From that moment, the credential agent 50 continues to monitor the operation of the software application 40. It can detect a further event and send a further polling message (similar to message M7) .

Advantageously, the credential agent 50 may increase the frequency of sending polling messages as a special date approaches. For instance the duration between two polling messages may be reduced when the validity date of credential is soon expired.

Preferably all exchanged messages are sent in a secure manner through secure communication sessions. For example, TLS mutual authentication or other secure protocol can be implemented.

In the above presented example, the credential agent 50 initializes or updates the security configuration of the application 40 by using either initial secret value and associated metadata or new security data. It must be understood that the credential agent 50 can both update a first set of security parameters belonging to the application and a second set of security parameters belonging to credential agent 50.

Thanks to the polling mechanism, the credential agent 50 can receive a polling response (ex: message M8) which results in deactivation of the credentials currently set for a software application. Hence the security server can revoke credentials allocated to the application 40.

The invention allows to automate the detection of expired credentials and their replacement (i.e. without human intervention once the credential agent is installed) .
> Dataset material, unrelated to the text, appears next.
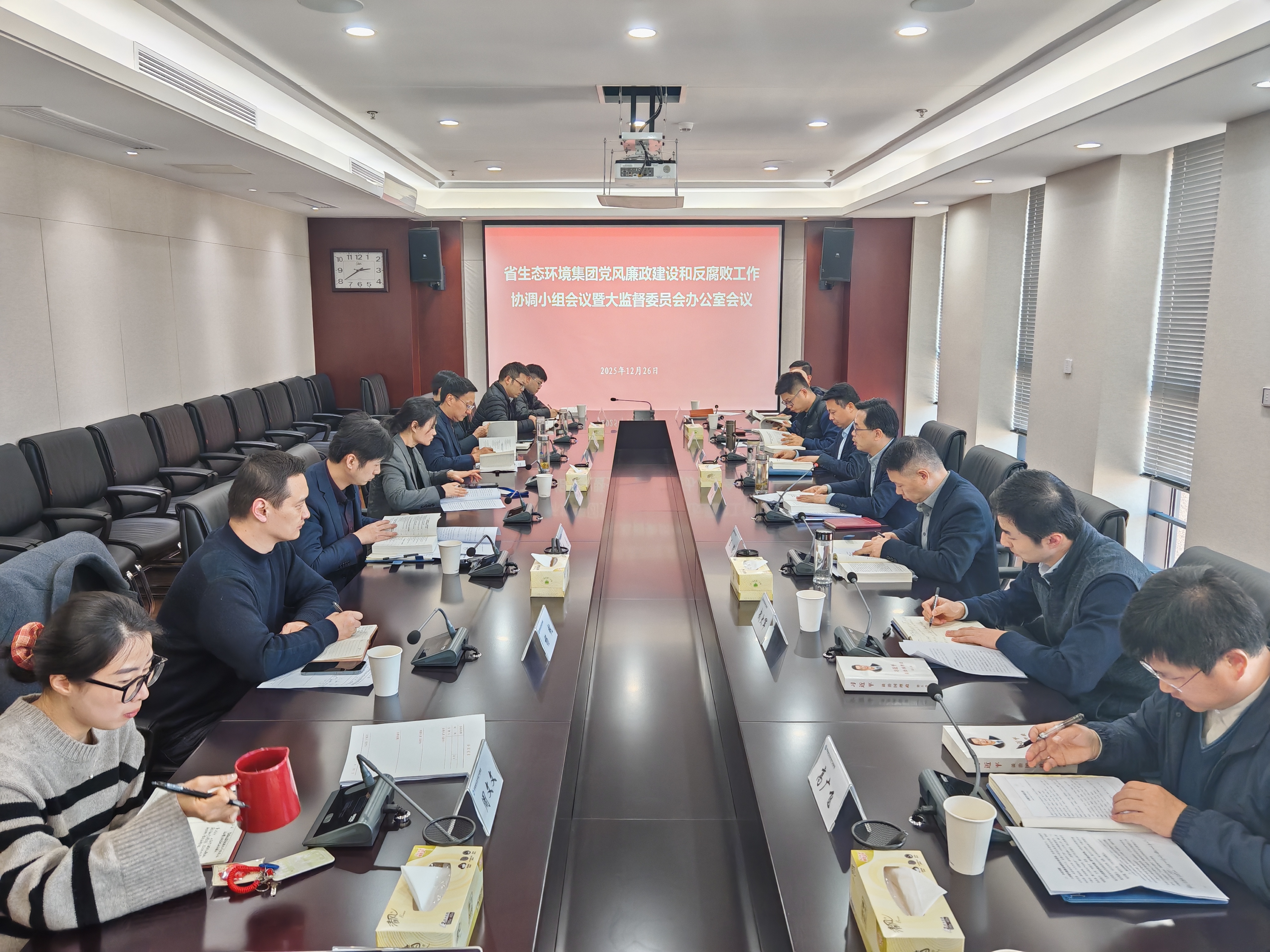 12月26日下午,省生态环境集团召开党风廉政建设和反腐败工作协调小组会议暨大监督委员会办公室会议。集团党委委员、纪委书记罗守斌主持会议并讲话。各协调小组成员单位负责人、纪委两室一组人员参加会议。

Thanks to the invention, all secret and sensitive data (credentials and associated metadata) are populated in a security server which can be distinct from the application server . An advantage of the invention is to provide a solution which automatically manages the lifecycle of credentials for a software application installed on an application server . Thus the application server is no longer responsible for managing updates to the application security configuration . In other words, thanks to the invention two roles are dissociated : on the one hand the application server (which can be managed by a cloud administrator) is in charge of installing and running the application while on the other hand, the security server (which can be managed by a security officer) is in charge of providing all security data (i.e. credentials and metadata) .

Thus the invention allows to centralize the management and the life cycle of the secret outside the perimeter of the cloud infrastructure and cloud administrator. Thanks to the invention, there is no more need to deal with a cloud administrator to restart and manipulate secrets for one or several applications installed on an application server.